Oxycodone is an opioid drug which is more potent than morphine, and demonstrates fewer adverse effects in patients. Consequentially, it is a leading pain management drug for the treatment of moderate to severe pain. It is currently administered in tablet or intravenous form.
Global opioid revenue for 2010 has been forecast to be in excess of USD 10.5 billion. The superior properties of oxycodone in pain relief resulted in an almost 900% increase in patient use in the decade to 2007. Oxycodone-based drugs generate revenues in excess of $4-5 billion per annum, with Oxycontin alone posting sales of approximately $3.88 billion in 2010.
Phosphagenics is working towards becoming the first to provide chronic pain sufferers with a patch that will provide sustained-release of oxycodone into the bloodstream. Clinical trials to date have demonstrated that Phosphagenics’ novel technology can effectively deliver opiates through the skin without causing irritation. A transdermal product is desirable to reduce or eliminate GI tract side effects, and achieve a sustained therapeutic profile. A further advantage of a matrix patch is the opportunity to produce an abuse resistant product.
The TPM/oxycodone patch has been designed using a polymer matrix that makes drug extraction inherently difficult.

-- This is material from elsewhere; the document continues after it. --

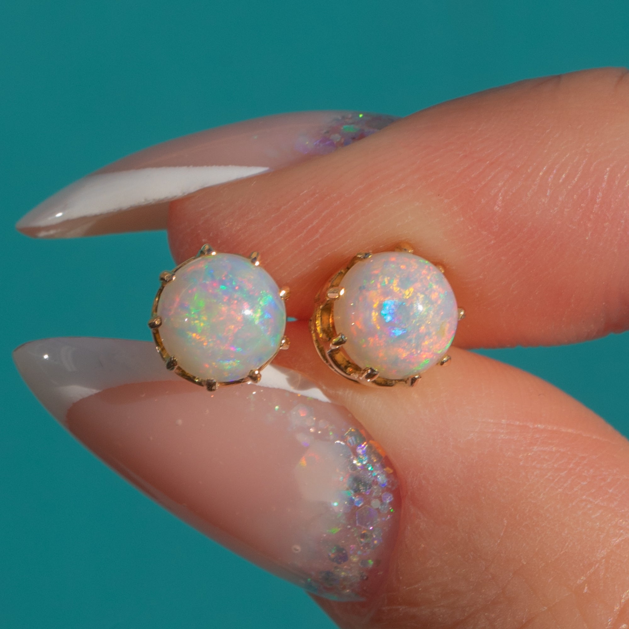 Luminous and full of colour-play, these Victorian Opal studs glow with soft pastels and flashes of neon fire in the light. Each cabochon sits proudly in a 15ct Gold crown setting, creating a timeless silhouette with a touch of antique romance.

Anti-abuse properties are critical in order to gain acceptance from registration authorities and regulatory bodies such as the FDA.

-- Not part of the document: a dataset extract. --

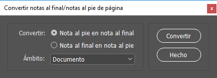 Para convertir las notas a pie de página en notas de final de sección y viceversa en el documento:

Phosphagenics conducted three clinical studies between 2009-2010 on its TPM/oxycodone formulation, both with successful results. The first study, an open-label, human Repeat Insult Patch Test (RIPT) evaluated the skin response of fifty healthy participants with both an induction phase and a challenge phase. The study concluded that no significant erythema or sensitisation were observed.
The second study, a Repeat Dose Application study, was an open label, single centre pharmacokinetic study in 20 healthy volunteers conducted at the Royal Adelaide Hospital. Its primary objective was to compare the delivery profiles of two transdermal patch candidates containing TPM®, a matrix and a reservoir system, following daily application over a ten-day period. The study reported positive results using the company’s proprietary TPM® (Targeted Penetration Matrix) technology for the transdermal delivery of oxycodone and revealed that daily application of the TPM/oxycodone patch delivered therapeutic bloodstream levels of oxycodone in a reproducible, consistent and sustained manner, again with no irritation observed.
A third study, completed in October 2010, was led by Professor Guy Ludbrook at the Royal Adelaide Hospital. This milestone study was designed to compare various dosage regimes of the TPM/oxycodone patch. Importantly, the study demonstrated that the extended dosing period of 14 days enabled steady state delivery of oxycodone into the bloodstream to be achieved.
In November 2010 Phosphagenics announced signing a collaborative consultancy agreement with 3M for the optimisation and development of a commercial scale up manufacturing process.
3M’s expertise in drug delivery technologies had assisted Phosphagenics to improve the delivery profile of the original patch prototype.
However, crystallisation issues with the patch meant that in order to finish Phosphagenics engaged the services of Labtec GmbH, a Germany company, which had expertise in the area of opioid patch technology. The new patch was completed in early 2013 and in May 2013 a single dose study was commenced. The trial results announced in July indicated that the oxycodone patch would be suitable for peripheral and neuropathic pain.
A Phase 2 trial is the next phase contemplated in order to establish proof of concept and efficacy. Whilst there is some anecdotal evidence that opioids can give pain relief via topical application, there dos not appear to be any companies that have taken a topical opioid to the clinic.